Rise then, O my praises, Fresh life in your veins, As the viol upraises The gladdest of strains. For once more he sees us Alive, as he said; Our holy Lord Jesus Escaped from the dead.

Then thunder ye mountains, Ye valleys resound, Leap forth, O ye fountains, Ye hills echo round. For he alone frees us, He does as he said, Our holy Lord Jesus Alive from the dead.

The later additions to the stock of Latin hymns are important only to the student of Roman Catholic liturgies, as connected with the new devotions sanctioned from time to time by the Congregation of Sacred Rites. Thus the devotion to the Sacred Heart led to the writing of the hymn _Quicunque certum quaeritis_, which the Roman Breviary has copied from the Franciscan, and whose translation by Mr. Caswall has found its way even into Protestant hymn-books. And the crowning sanction of the extravagant reverence for our Lord’s mother, the declaration that she was conceived without sin, and the institution of the feast of the Immaculate Conception, caused Archbishop John von Geissel of Koeln to write, in 1855, a new sequence for the Missal service, _Virgo virginum praeclara_.

Last in the series of the Latin hymn-writers stands the present pope, Leo XIII., who is the third pope in the long series to whom any hymn can be ascribed with any degree of certainty, the other two being Damasus and Urban VIII. In his Latin poems, published in 1881, there are three hymns in honor of two bishops of Perugia who suffered martyrdom in the early age of the Church. They are not remarkable for poetical inspiration, although they show that his Jesuit masters imbued him with the rules of classic verse and expression. All his poems have been reprinted in this country (Baltimore, 1886), with an English version by the Jesuits of Woodstock College.

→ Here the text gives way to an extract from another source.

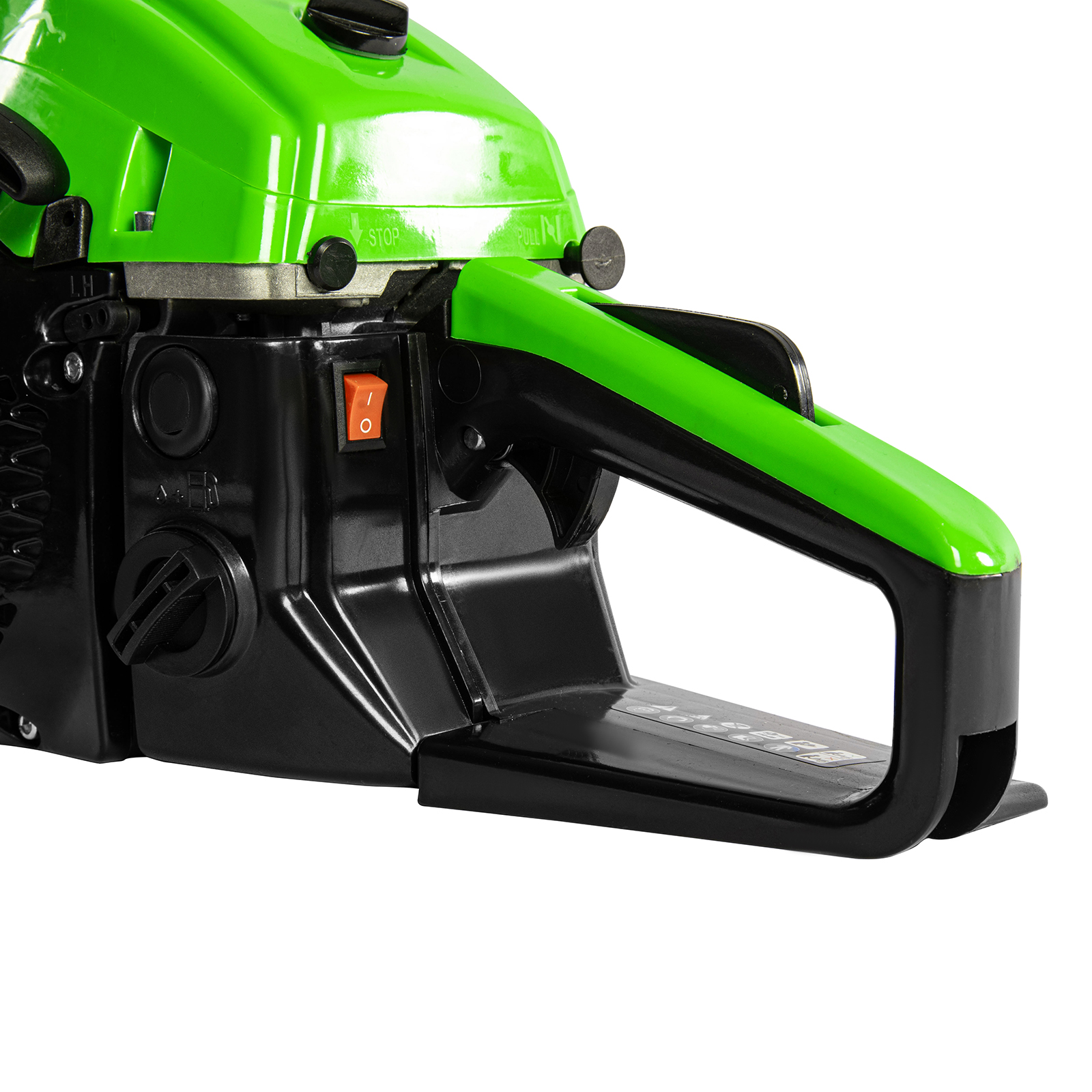 Безопасность — пила включается только после нажатия на клавишу блокировки газа, тормоз цепи мгновенно останавливает ее вращение при отскоке пилы.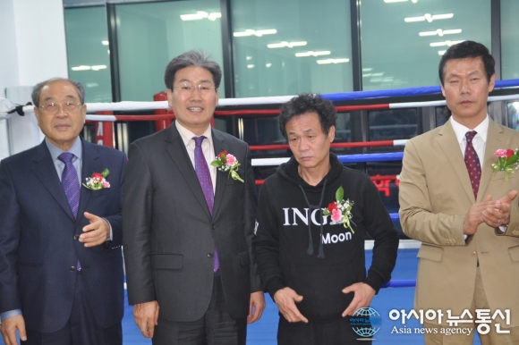 20일 오후 7시 인천 남동구 구월1동 아시아드선수촌아파트내 드림프라자 5층 "남동진아복싱체육관" 개관식에서 오른쪽부터 안진아 관장, 장정구 전 챔피언, 허영 회장, 이생호 고문 등이 기념촬영을 하고 있다./아시아뉴스통신=김태일, 이명기 기자 ... 2015-11-21

In any other field of Christian hymnology we should close our account of the past by the expression of confidence in the fertility of the future. But as regards Latin hymnology, we feel that the period of greatest value has passed by, and the record is sealed. While it is true that

“Generations yet unborn Shall bless and magnify the Lord,”

as Rouse sings, we feel that it will not be in the medium of a dead language, but in the tongues “understanded of the people.” The attempt to maintain Latin as the language—as the exclusive speech of Christian worship in Western Europe, is one of those parts of the Roman Catholic system which are already condemned by results. The comparative barrenness of Latin hymnology for the past hundred years is evidence enough that this is not the channel in which Christian inspiration now flows; and the attention paid even by Roman Catholic poets to hymn-writing in the national languages is fresh evidence of the readiness of that communion to adapt itself to new conditions as soon as this is seen to be inevitable.